# [Items listed in a dataset]
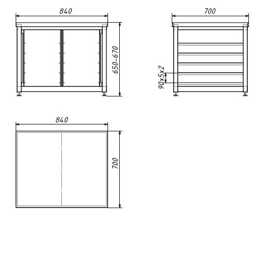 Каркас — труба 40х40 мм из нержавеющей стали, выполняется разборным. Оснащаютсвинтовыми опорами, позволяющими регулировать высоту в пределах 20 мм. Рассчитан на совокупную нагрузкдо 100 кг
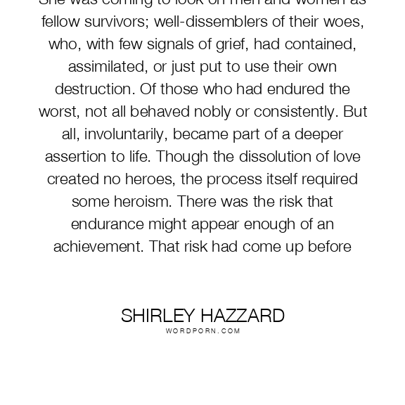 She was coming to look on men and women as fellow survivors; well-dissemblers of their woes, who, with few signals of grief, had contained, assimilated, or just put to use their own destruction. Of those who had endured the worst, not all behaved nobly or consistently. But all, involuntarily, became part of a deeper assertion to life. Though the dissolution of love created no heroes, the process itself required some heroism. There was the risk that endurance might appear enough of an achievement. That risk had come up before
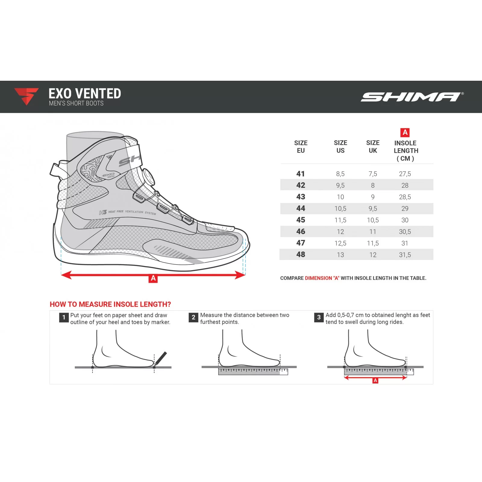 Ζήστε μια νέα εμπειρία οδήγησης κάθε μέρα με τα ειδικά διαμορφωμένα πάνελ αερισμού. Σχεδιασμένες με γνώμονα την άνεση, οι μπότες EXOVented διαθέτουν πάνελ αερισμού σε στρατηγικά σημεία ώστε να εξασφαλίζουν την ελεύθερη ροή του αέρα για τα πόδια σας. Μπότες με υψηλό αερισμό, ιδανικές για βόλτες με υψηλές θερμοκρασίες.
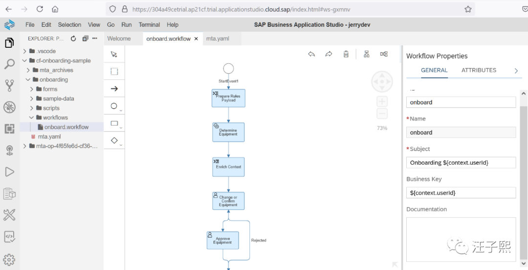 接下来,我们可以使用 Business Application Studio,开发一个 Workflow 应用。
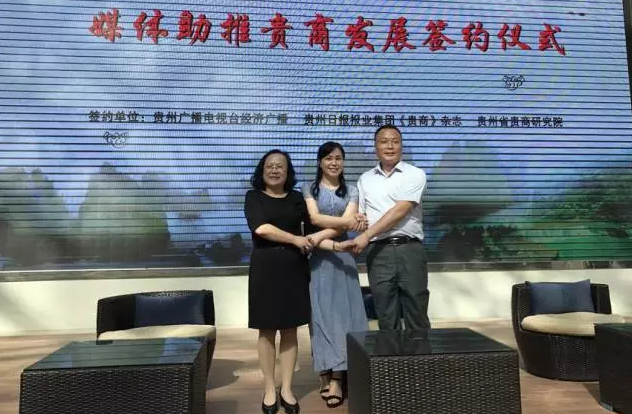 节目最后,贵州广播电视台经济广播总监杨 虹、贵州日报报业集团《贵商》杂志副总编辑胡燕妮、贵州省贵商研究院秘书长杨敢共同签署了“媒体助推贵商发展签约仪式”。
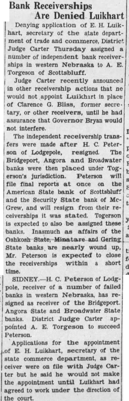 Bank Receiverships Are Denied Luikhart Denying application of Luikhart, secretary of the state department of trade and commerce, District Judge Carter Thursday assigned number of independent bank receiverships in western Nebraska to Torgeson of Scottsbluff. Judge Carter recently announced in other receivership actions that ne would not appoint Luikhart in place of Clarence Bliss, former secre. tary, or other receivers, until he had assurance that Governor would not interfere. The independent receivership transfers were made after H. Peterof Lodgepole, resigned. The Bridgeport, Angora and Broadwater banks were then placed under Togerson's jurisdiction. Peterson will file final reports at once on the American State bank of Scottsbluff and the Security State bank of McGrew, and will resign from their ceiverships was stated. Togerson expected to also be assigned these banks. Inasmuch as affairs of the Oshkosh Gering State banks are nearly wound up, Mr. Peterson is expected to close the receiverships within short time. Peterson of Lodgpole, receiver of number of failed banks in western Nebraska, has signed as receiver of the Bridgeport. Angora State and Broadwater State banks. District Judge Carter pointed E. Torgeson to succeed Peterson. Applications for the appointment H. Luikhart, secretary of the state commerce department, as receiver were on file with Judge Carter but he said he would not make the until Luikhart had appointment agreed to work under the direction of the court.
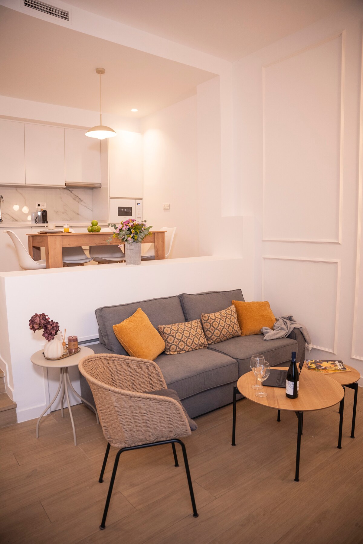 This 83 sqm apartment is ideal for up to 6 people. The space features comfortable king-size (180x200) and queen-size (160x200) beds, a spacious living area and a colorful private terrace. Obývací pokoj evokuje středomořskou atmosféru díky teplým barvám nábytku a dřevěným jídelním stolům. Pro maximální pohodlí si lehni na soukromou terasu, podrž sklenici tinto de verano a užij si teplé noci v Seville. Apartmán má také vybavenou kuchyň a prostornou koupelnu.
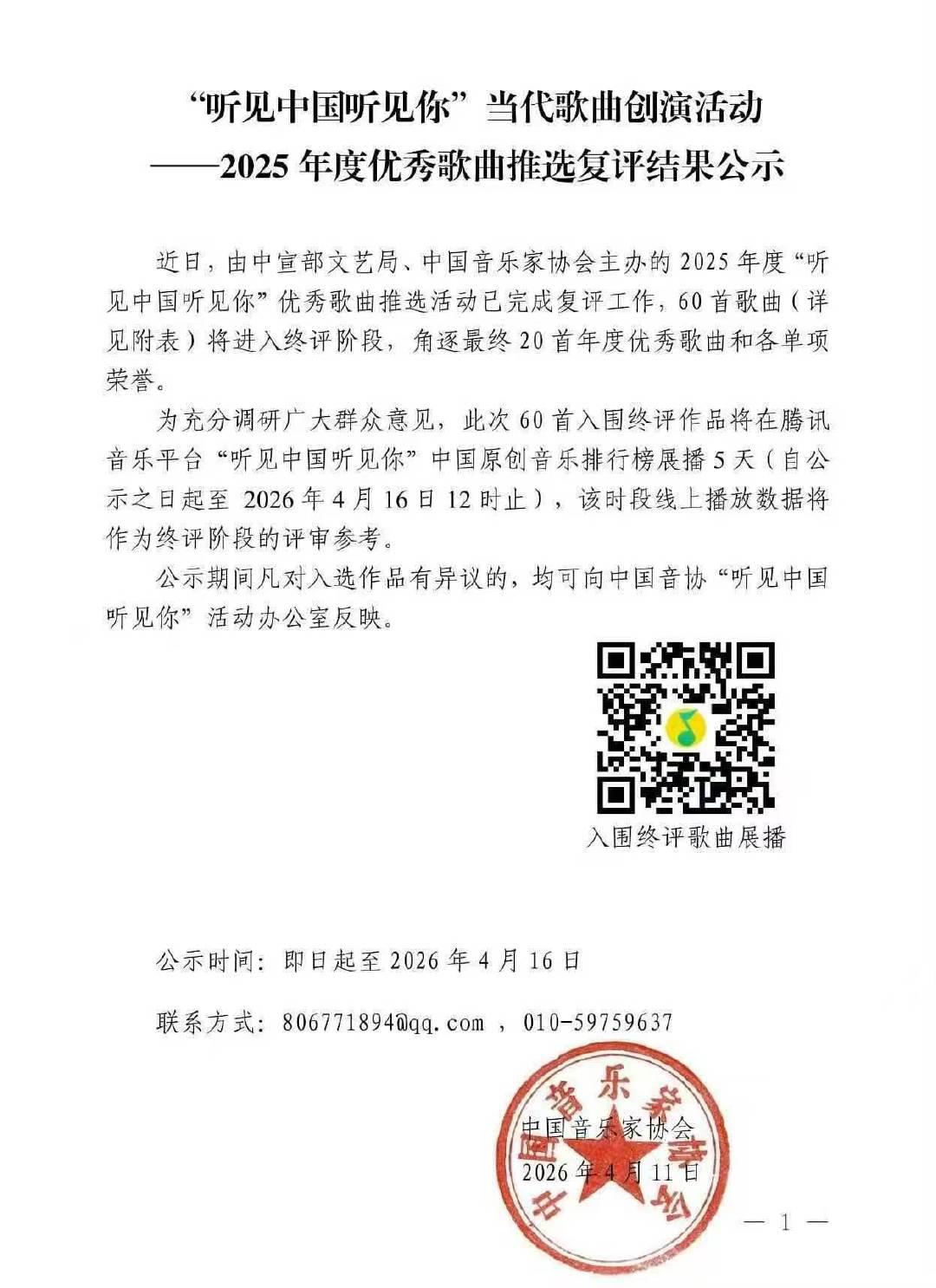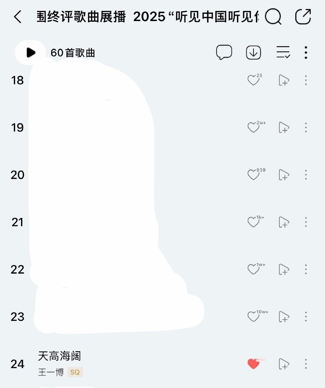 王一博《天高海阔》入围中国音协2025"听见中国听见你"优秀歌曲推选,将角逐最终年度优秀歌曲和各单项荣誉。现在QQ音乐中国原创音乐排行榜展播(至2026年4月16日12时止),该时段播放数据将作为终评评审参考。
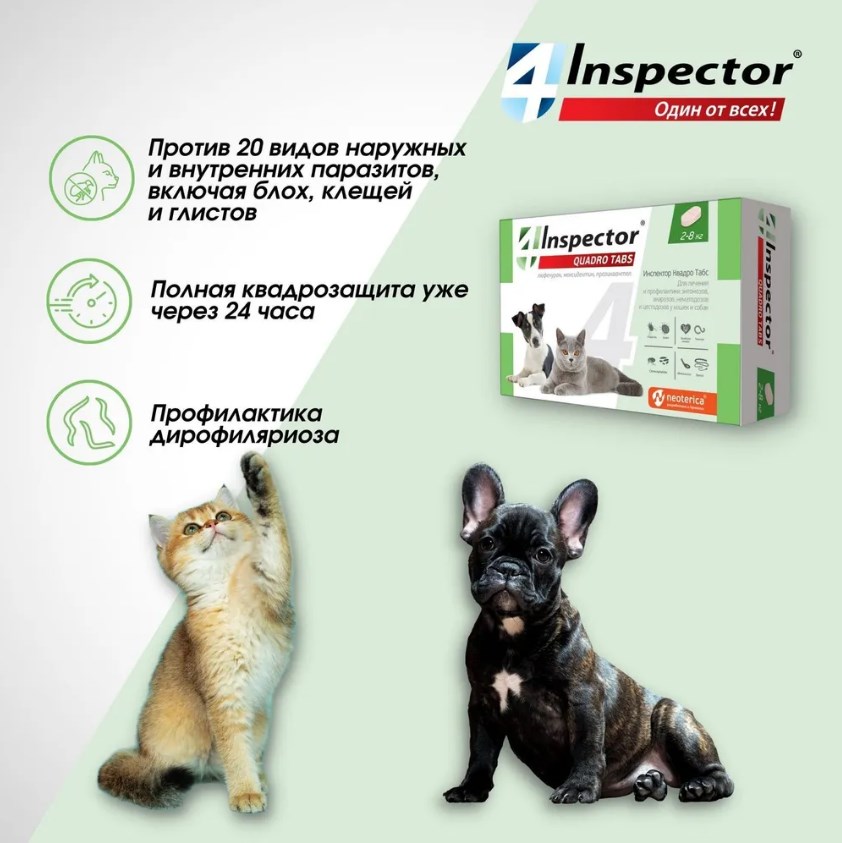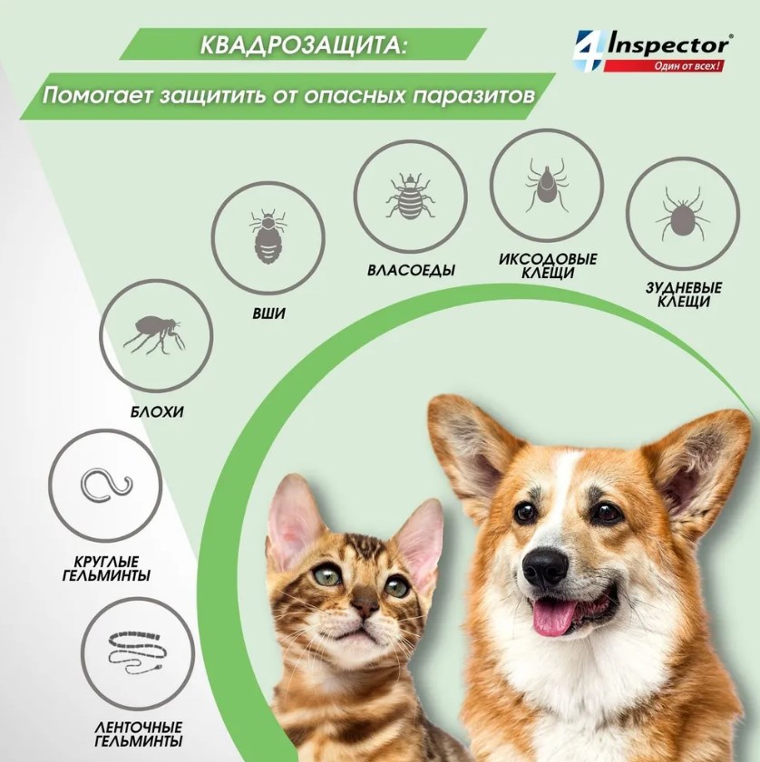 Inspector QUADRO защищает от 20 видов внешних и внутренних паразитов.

# [WHAT TO WORK ON]
Word for word, write out each line of the records, but leave the pictures behind.

# [SOLVED EXERCISE]
 Каркас — труба 40х40 мм из нержавеющей стали, выполняется разборным. Оснащаютсвинтовыми опорами, позволяющими регулировать высоту в пределах 20 мм. Рассчитан на совокупную нагрузкдо 100 кг
 She was coming to look on men and women as fellow survivors; well-dissemblers of their woes, who, with few signals of grief, had contained, assimilated, or just put to use their own destruction. Of those who had endured the worst, not all behaved nobly or consistently. But all, involuntarily, became part of a deeper assertion to life. Though the dissolution of love created no heroes, the process itself required some heroism. There was the risk that endurance might appear enough of an achievement. That risk had come up before
 Ζήστε μια νέα εμπειρία οδήγησης κάθε μέρα με τα ειδικά διαμορφωμένα πάνελ αερισμού. Σχεδιασμένες με γνώμονα την άνεση, οι μπότες EXOVented διαθέτουν πάνελ αερισμού σε στρατηγικά σημεία ώστε να εξασφαλίζουν την ελεύθερη ροή του αέρα για τα πόδια σας. Μπότες με υψηλό αερισμό, ιδανικές για βόλτες με υψηλές θερμοκρασίες.
 接下来,我们可以使用 Business Application Studio,开发一个 Workflow 应用。
 节目最后,贵州广播电视台经济广播总监杨 虹、贵州日报报业集团《贵商》杂志副总编辑胡燕妮、贵州省贵商研究院秘书长杨敢共同签署了“媒体助推贵商发展签约仪式”。
 Bank Receiverships Are Denied Luikhart Denying application of Luikhart, secretary of the state department of trade and commerce, District Judge Carter Thursday assigned number of independent bank receiverships in western Nebraska to Torgeson of Scottsbluff. Judge Carter recently announced in other receivership actions that ne would not appoint Luikhart in place of Clarence Bliss, former secre. tary, or other receivers, until he had assurance that Governor would not interfere. The independent receivership transfers were made after H. Peterof Lodgepole, resigned. The Bridgeport, Angora and Broadwater banks were then placed under Togerson's jurisdiction. Peterson will file final reports at once on the American State bank of Scottsbluff and the Security State bank of McGrew, and will resign from their ceiverships was stated. Togerson expected to also be assigned these banks. Inasmuch as affairs of the Oshkosh Gering State banks are nearly wound up, Mr. Peterson is expected to close the receiverships within short time. Peterson of Lodgpole, receiver of number of failed banks in western Nebraska, has signed as receiver of the Bridgeport. Angora State and Broadwater State banks. District Judge Carter pointed E. Torgeson to succeed Peterson. Applications for the appointment H. Luikhart, secretary of the state commerce department, as receiver were on file with Judge Carter but he said he would not make the until Luikhart had appointment agreed to work under the direction of the court.
 This 83 sqm apartment is ideal for up to 6 people. The space features comfortable king-size (180x200) and queen-size (160x200) beds, a spacious living area and a colorful private terrace. Obývací pokoj evokuje středomořskou atmosféru díky teplým barvám nábytku a dřevěným jídelním stolům. Pro maximální pohodlí si lehni na soukromou terasu, podrž sklenici tinto de verano a užij si teplé noci v Seville. Apartmán má také vybavenou kuchyň a prostornou koupelnu.
 王一博《天高海阔》入围中国音协2025"听见中国听见你"优秀歌曲推选,将角逐最终年度优秀歌曲和各单项荣誉。现在QQ音乐中国原创音乐排行榜展播(至2026年4月16日12时止),该时段播放数据将作为终评评审参考。
 Inspector QUADRO защищает от 20 видов внешних и внутренних паразитов.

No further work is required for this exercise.